* **Assigned task**:
Once the pictures are set aside, print the records that follow exactly as written.
*** Opening Extracted material ***
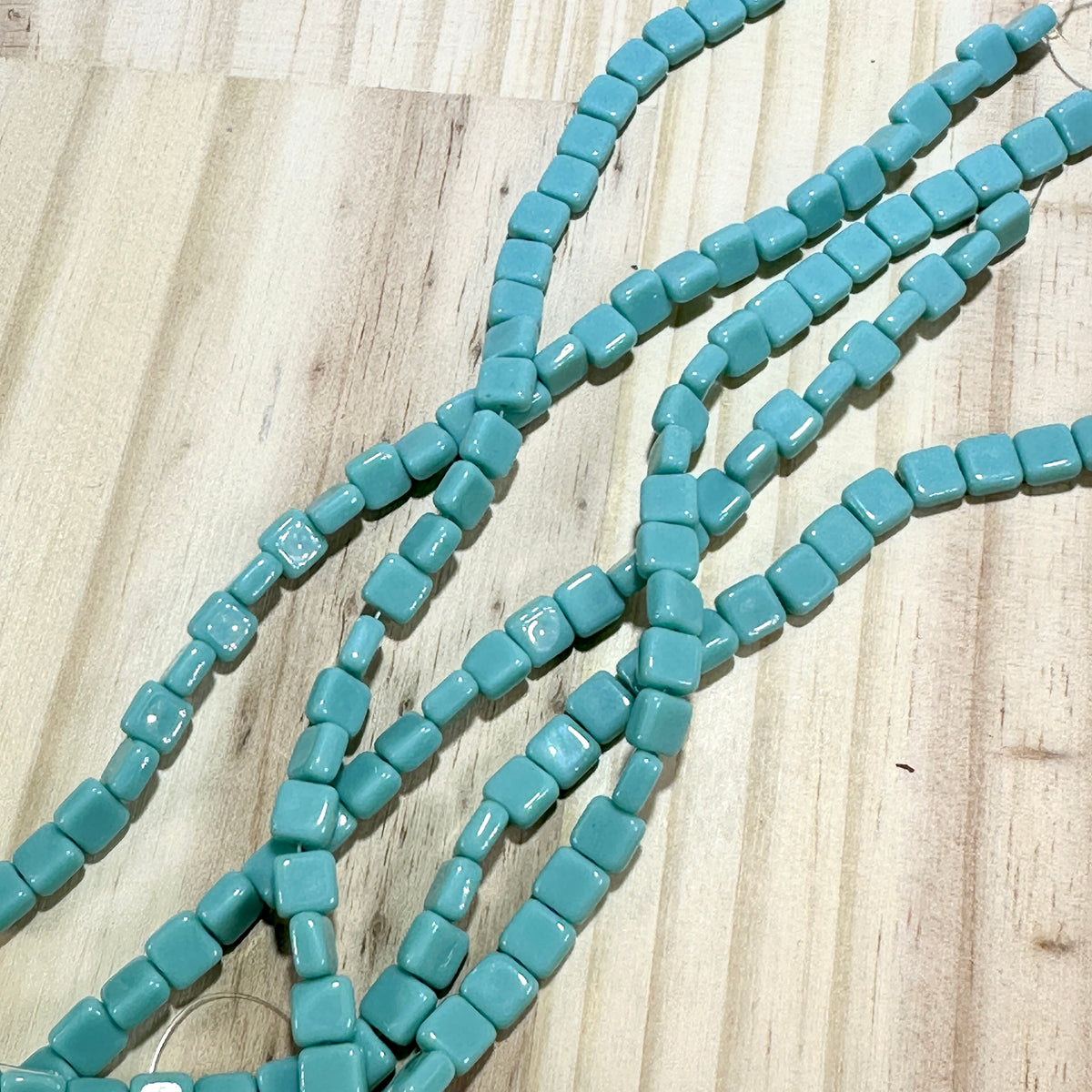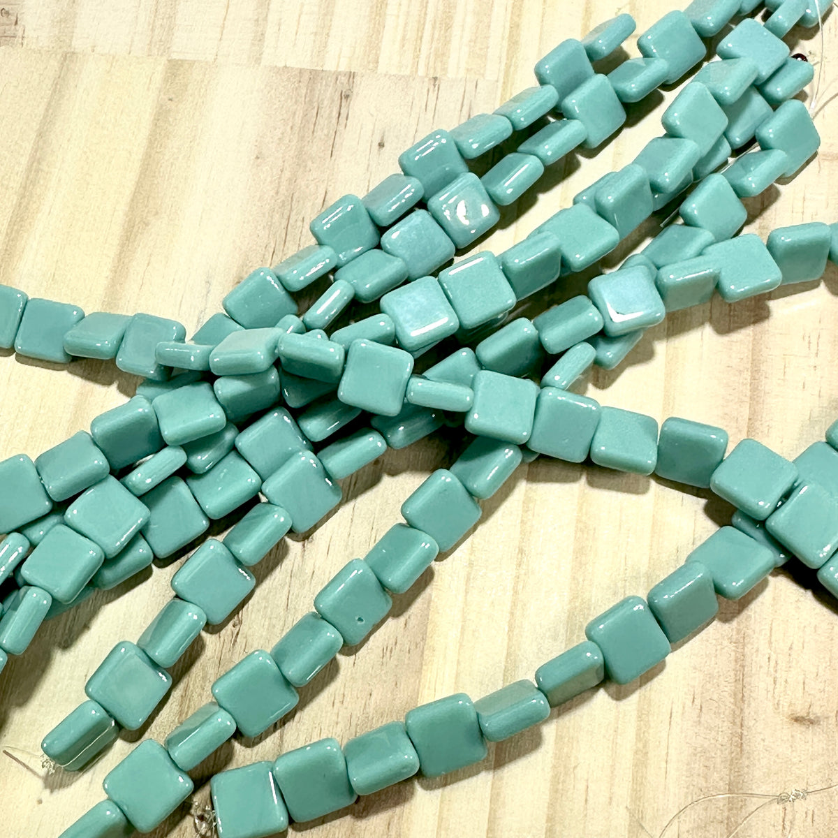Czech Pressed Druk Flat Square Glass Beads 6x6mm Green Turquoise 27pcs J906
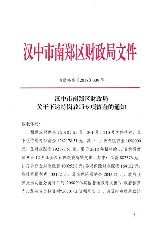 南财办事〔2018〕339号 关于下达特岗教师专项资金的通知
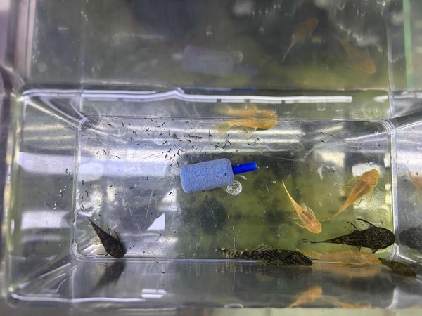 Fish being auctioned are 3 albino and 3 common brown bristlenose plecos. These plecos were spawned from a pair of common brown BN plecos that will spawn a mix of albino and brown pleco fry.
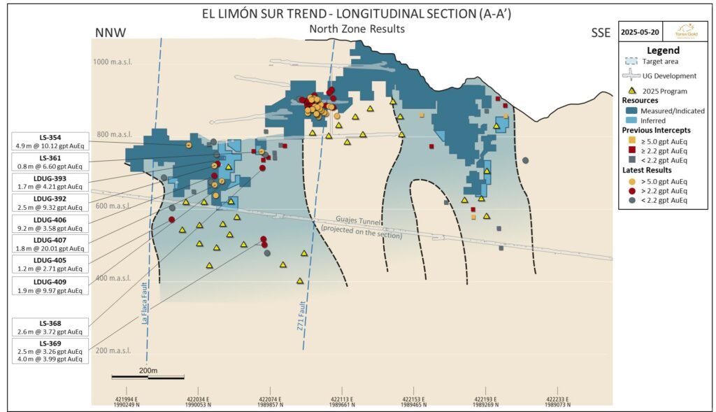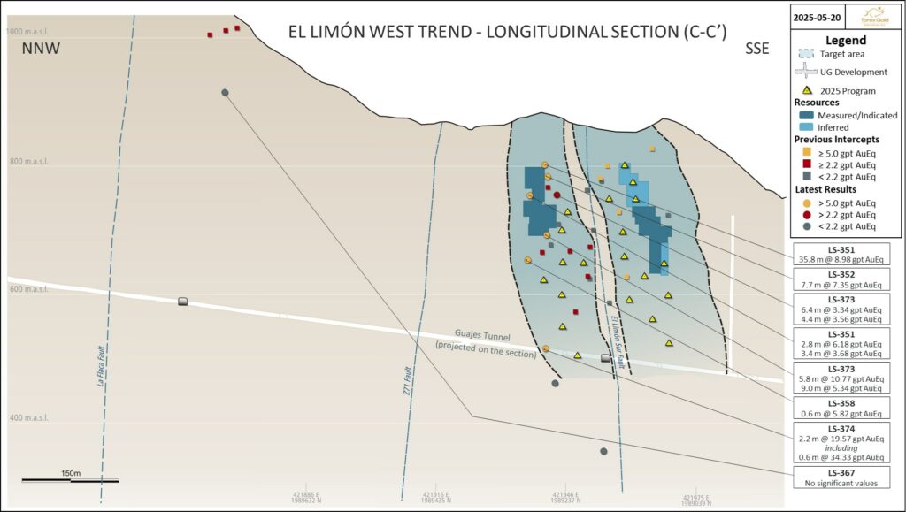 Drilling targeting the expansion of resources along the southern extension of the El Limón West Trend has returned multiple high-grade intercepts. Most notably, drill holes LS-351 (8.98 gpt AuEq over 35.8 m and 6.18 gpt AuEq over 2.8 m), LS-352 (7.35 gpt AuEq over 7.7 m), and LS-373 (10.77 gpt AuEq over 5.8 m) indicate that mineralization is open in all directions. Additionally, drill hole LS-374 (19.57 gpt AuEq over 2.2 m) shows a discrete, high-grade intercept proximal to the elevation of the Guajes Tunnel (~550 m.a.s.l.). This indicates the potential of vertical continuity of mineralization for over 150 m at depth from the base of the current resource. These results warrant follow-up drilling this year aimed to confirm mineralization continuity to the north and south of the El Limón Sur fault and at depth down to the level of the Guajes Tunnel.
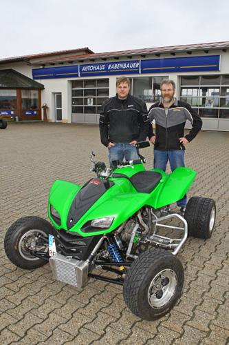 In weiterer Folge plant das Rabenbauer-Team, mit der Kompressor KFX 700 eine Alternative zu Vierzylinder-Umbauten anzubieten. Abgesehen davon, dass die Mehrleistung bei der Kompressor-Lösung bereits bei 6.800 Umdrehungen anliegt – rund 1.000 Umdrehungen unter einem Big-Bore-Umbau mit 840 Kubik – und die Kompressor KFX 700 bei vergleichbarer Fahrweise rund einen Liter Sprit auf 100 km weniger verbraucht als das Original mit Gleichdruck-Vergaser, sieht Florian eine Vielzahl von Vorteilen gegenüber dem Einsatz von Vierzylinder-Motorrad-Motoren: „Erstens muss man mit der Kompressor KFX 700 nicht schalten, sondern kann sich voll und ganz aufs Fahren konzentrieren. Zweitens bleibt der Rückwärts-Gang erhalten, und drittens ist beim Quad-Triebwerk die Schmierung beim Kurvenräubern stets gewährleistet.“ Mit Nass-Sumpf-Schmierung ausgestattete Motorrad-Motoren müssten für den Einsatz im Quad aufgrund der fehlenden Schräglage auf Trockensumpf umgebaut oder mit einem variablen Ansaug-Schnorchel ausgestattet werden – beides kein unerheblicher Aufwand.
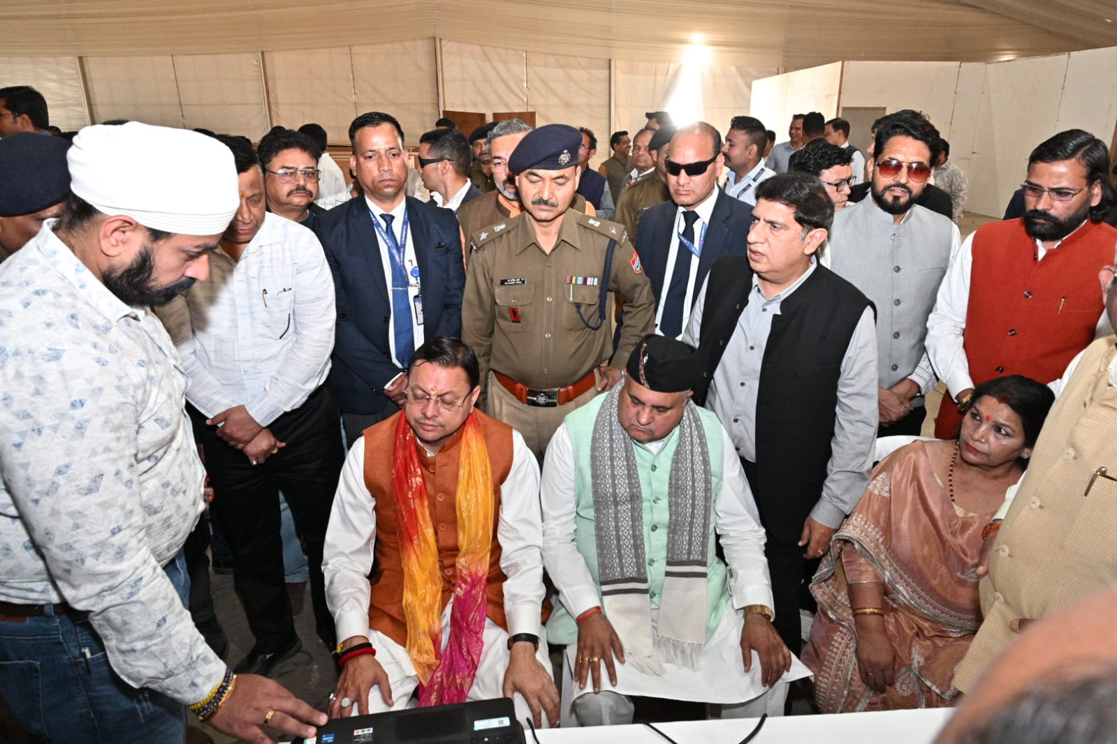 निरीक्षण के दौरान राज्यसभा सांसद एवं भाजपा के प्रदेश अध्यक्ष महेंद्र भट्ट, जिला पंचायत अध्यक्ष किरन चौधरी, मेयर हरिद्वार किरन जैसल, विधायक मदन कौशिक, आदेश चौहान, प्रदीप बत्रा, दायित्वधारी राज्य मंत्री अजीत चौधरी, जयपाल सिंह चौहान, देशराज कर्णवाल, सोभाराम प्रजापति, प्रदेश महासचिव अनिल गोयल, प्रदेश महामंत्री (संगठन) अजय कुमार, भाजपा जिलाध्यक्ष आशुतोष शर्मा, पुलिस महानिरीक्षक गढ़वाल राजीव स्वरूप, एडीजी अजय प्रकाश अंशुमन, महानिदेशक सूचना बंशीधर तिवारी, एमडी शिडकुल सौरव गैहरवार, पुलिस अधीक्षक अभिसूचना मणिकांत मिश्रा, मुख्य विकास अधिकारी ललित नारायण मिश्रा, अपर जिलाधिकारी पीआर चौहान, अपर मेलाधिकारी दयानंद सरस्वती, सचिव एचआरडीए मनीष कुमार, उपजिलाधिकारी जितेन्द्र कुमार, एसपी सीटी अभयप्रताप सिंह, सीओ सीटी शिशुपाल सिंह नेगी सहित सम्बन्धित अधिकारी एवं जनप्रतिनिधि मौजूद रहें।
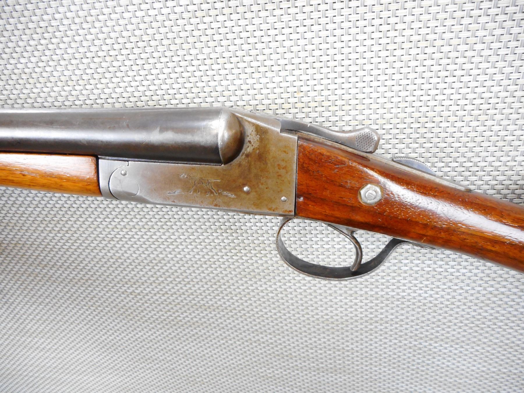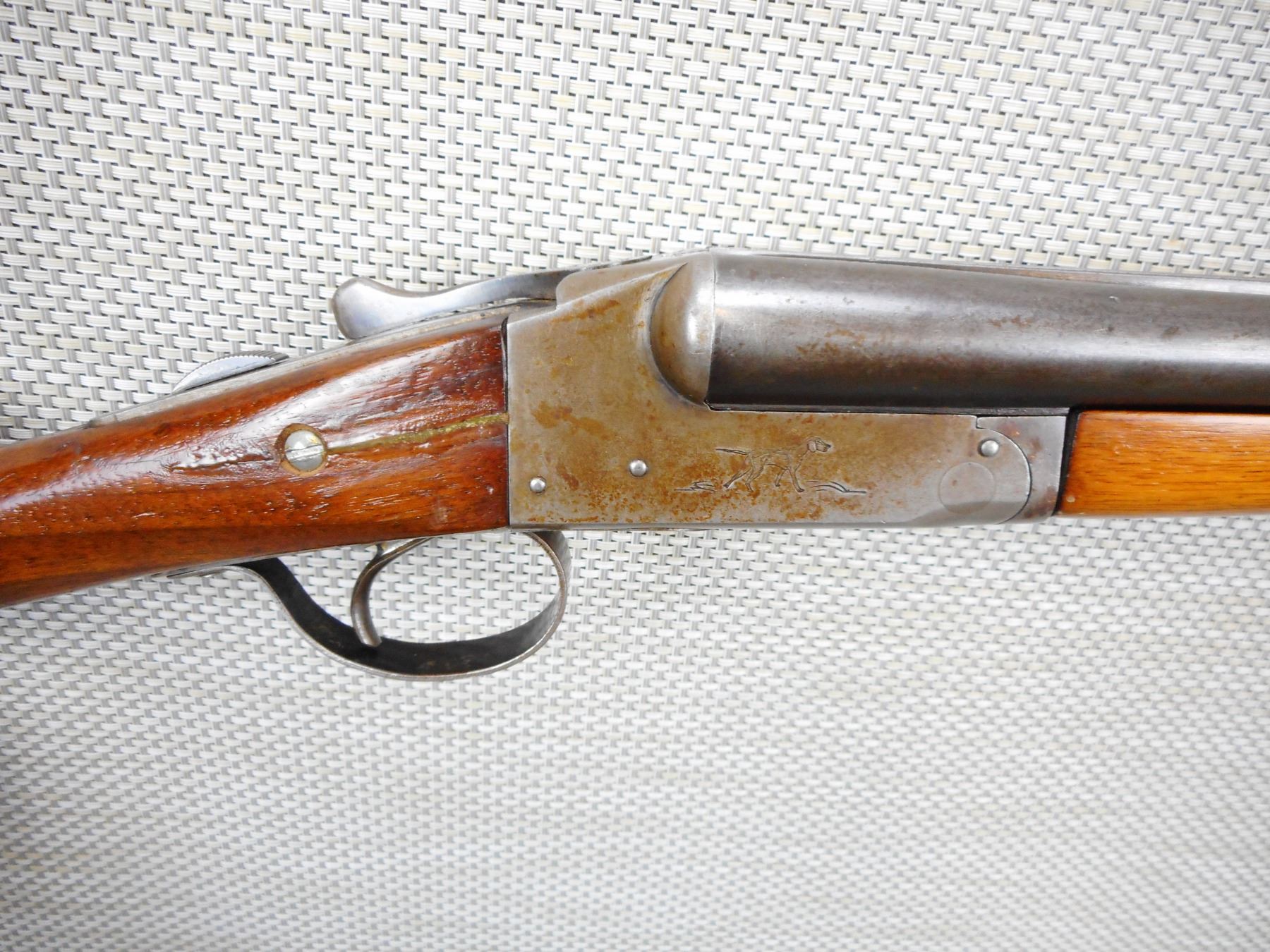 WESTERN ARMS , MODEL: LONG RANGE GUN , CALIBER: 16GA X 2 3/4" , MADE BY ITHACA,RIGHT BARREL HAS SCATTERED PITTING, SINGLE TRIGGER, FIXED FULL AND MODIFIED CHOKES, RECEIVER BOTTOM PLATE DOES NOT SEAT PROPERLY, FORESTOCK SCREW HOLES ARE STIPPED, BEAD FRONT SIGHT, STOCK IS CRACKED ANDHAS BEEN CARACKED AND REPAIRED AT THE WRIST, SHOWS SOME HANDLING MARKS, VENTED RUBBER RECOIL PAD , SERIAL # 61716 , ACTION: SIDE BY SIDE BREAK ACTION , BARREL LENGTH: 28" , CONDITION: 4/10 , STOCK # 8809 , CLASS: CANADIAN NON RESTRICTED CLASS
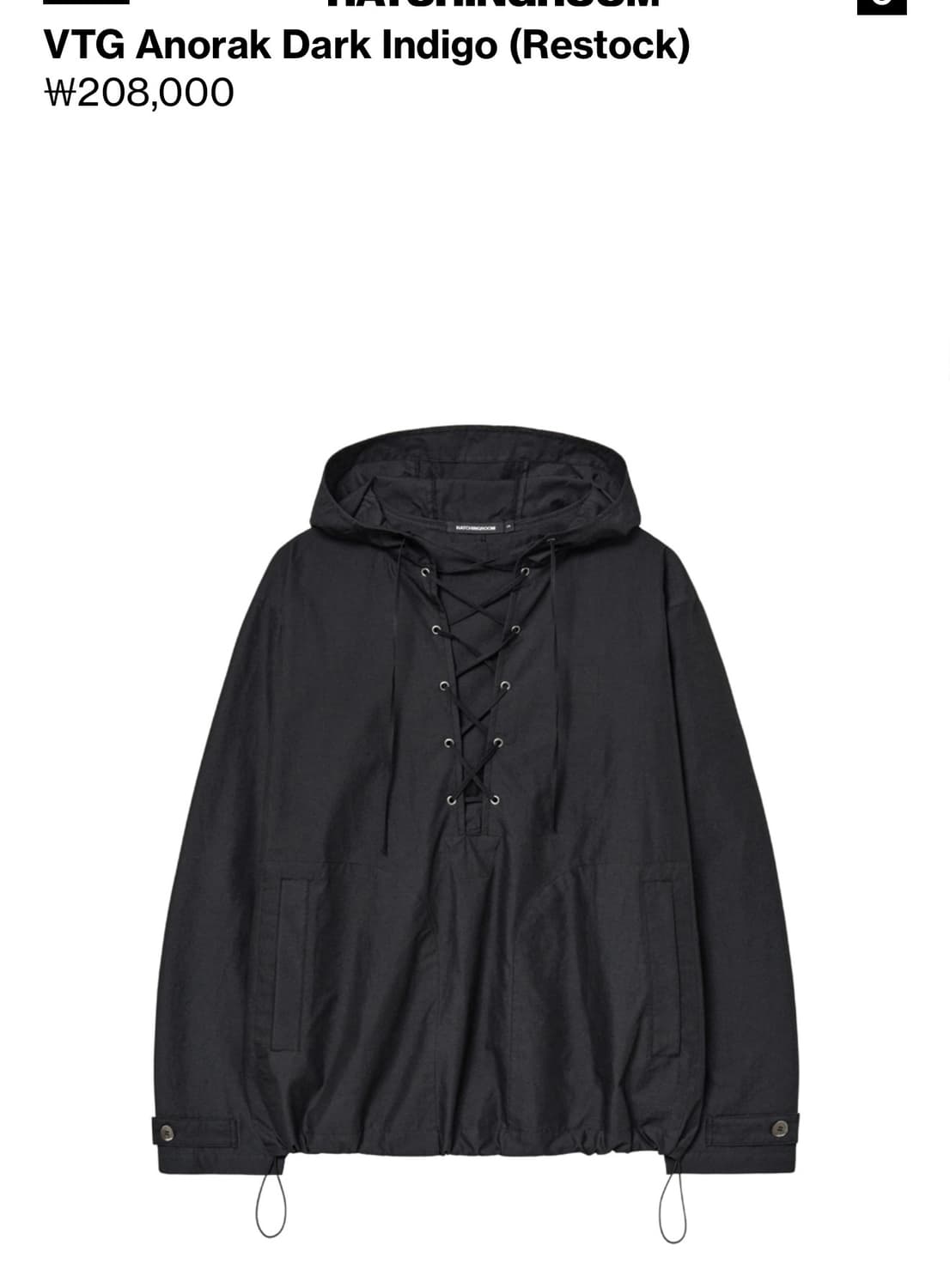 해칭룸 블랙 아노락 후드티 3사이즈입니다. 끈으로 조절하는 디테일이 포인트인 제품입니다. 빈티지한 무드가 느껴지는 블랙 색상입니다. 사용감있으며 실측표 참고.
*** Closing Extracted material ***
* **Solution to this exercise**:
Czech Pressed Druk Flat Square Glass Beads 6x6mm Green Turquoise 27pcs J906
 南财办事〔2018〕339号 关于下达特岗教师专项资金的通知
 Fish being auctioned are 3 albino and 3 common brown bristlenose plecos. These plecos were spawned from a pair of common brown BN plecos that will spawn a mix of albino and brown pleco fry.
 Drilling targeting the expansion of resources along the southern extension of the El Limón West Trend has returned multiple high-grade intercepts. Most notably, drill holes LS-351 (8.98 gpt AuEq over 35.8 m and 6.18 gpt AuEq over 2.8 m), LS-352 (7.35 gpt AuEq over 7.7 m), and LS-373 (10.77 gpt AuEq over 5.8 m) indicate that mineralization is open in all directions. Additionally, drill hole LS-374 (19.57 gpt AuEq over 2.2 m) shows a discrete, high-grade intercept proximal to the elevation of the Guajes Tunnel (~550 m.a.s.l.). This indicates the potential of vertical continuity of mineralization for over 150 m at depth from the base of the current resource. These results warrant follow-up drilling this year aimed to confirm mineralization continuity to the north and south of the El Limón Sur fault and at depth down to the level of the Guajes Tunnel.
 In weiterer Folge plant das Rabenbauer-Team, mit der Kompressor KFX 700 eine Alternative zu Vierzylinder-Umbauten anzubieten. Abgesehen davon, dass die Mehrleistung bei der Kompressor-Lösung bereits bei 6.800 Umdrehungen anliegt – rund 1.000 Umdrehungen unter einem Big-Bore-Umbau mit 840 Kubik – und die Kompressor KFX 700 bei vergleichbarer Fahrweise rund einen Liter Sprit auf 100 km weniger verbraucht als das Original mit Gleichdruck-Vergaser, sieht Florian eine Vielzahl von Vorteilen gegenüber dem Einsatz von Vierzylinder-Motorrad-Motoren: „Erstens muss man mit der Kompressor KFX 700 nicht schalten, sondern kann sich voll und ganz aufs Fahren konzentrieren. Zweitens bleibt der Rückwärts-Gang erhalten, und drittens ist beim Quad-Triebwerk die Schmierung beim Kurvenräubern stets gewährleistet.“ Mit Nass-Sumpf-Schmierung ausgestattete Motorrad-Motoren müssten für den Einsatz im Quad aufgrund der fehlenden Schräglage auf Trockensumpf umgebaut oder mit einem variablen Ansaug-Schnorchel ausgestattet werden – beides kein unerheblicher Aufwand.
 निरीक्षण के दौरान राज्यसभा सांसद एवं भाजपा के प्रदेश अध्यक्ष महेंद्र भट्ट, जिला पंचायत अध्यक्ष किरन चौधरी, मेयर हरिद्वार किरन जैसल, विधायक मदन कौशिक, आदेश चौहान, प्रदीप बत्रा, दायित्वधारी राज्य मंत्री अजीत चौधरी, जयपाल सिंह चौहान, देशराज कर्णवाल, सोभाराम प्रजापति, प्रदेश महासचिव अनिल गोयल, प्रदेश महामंत्री (संगठन) अजय कुमार, भाजपा जिलाध्यक्ष आशुतोष शर्मा, पुलिस महानिरीक्षक गढ़वाल राजीव स्वरूप, एडीजी अजय प्रकाश अंशुमन, महानिदेशक सूचना बंशीधर तिवारी, एमडी शिडकुल सौरव गैहरवार, पुलिस अधीक्षक अभिसूचना मणिकांत मिश्रा, मुख्य विकास अधिकारी ललित नारायण मिश्रा, अपर जिलाधिकारी पीआर चौहान, अपर मेलाधिकारी दयानंद सरस्वती, सचिव एचआरडीए मनीष कुमार, उपजिलाधिकारी जितेन्द्र कुमार, एसपी सीटी अभयप्रताप सिंह, सीओ सीटी शिशुपाल सिंह नेगी सहित सम्बन्धित अधिकारी एवं जनप्रतिनिधि मौजूद रहें।
 WESTERN ARMS , MODEL: LONG RANGE GUN , CALIBER: 16GA X 2 3/4" , MADE BY ITHACA,RIGHT BARREL HAS SCATTERED PITTING, SINGLE TRIGGER, FIXED FULL AND MODIFIED CHOKES, RECEIVER BOTTOM PLATE DOES NOT SEAT PROPERLY, FORESTOCK SCREW HOLES ARE STIPPED, BEAD FRONT SIGHT, STOCK IS CRACKED ANDHAS BEEN CARACKED AND REPAIRED AT THE WRIST, SHOWS SOME HANDLING MARKS, VENTED RUBBER RECOIL PAD , SERIAL # 61716 , ACTION: SIDE BY SIDE BREAK ACTION , BARREL LENGTH: 28" , CONDITION: 4/10 , STOCK # 8809 , CLASS: CANADIAN NON RESTRICTED CLASS
 해칭룸 블랙 아노락 후드티 3사이즈입니다. 끈으로 조절하는 디테일이 포인트인 제품입니다. 빈티지한 무드가 느껴지는 블랙 색상입니다. 사용감있으며 실측표 참고.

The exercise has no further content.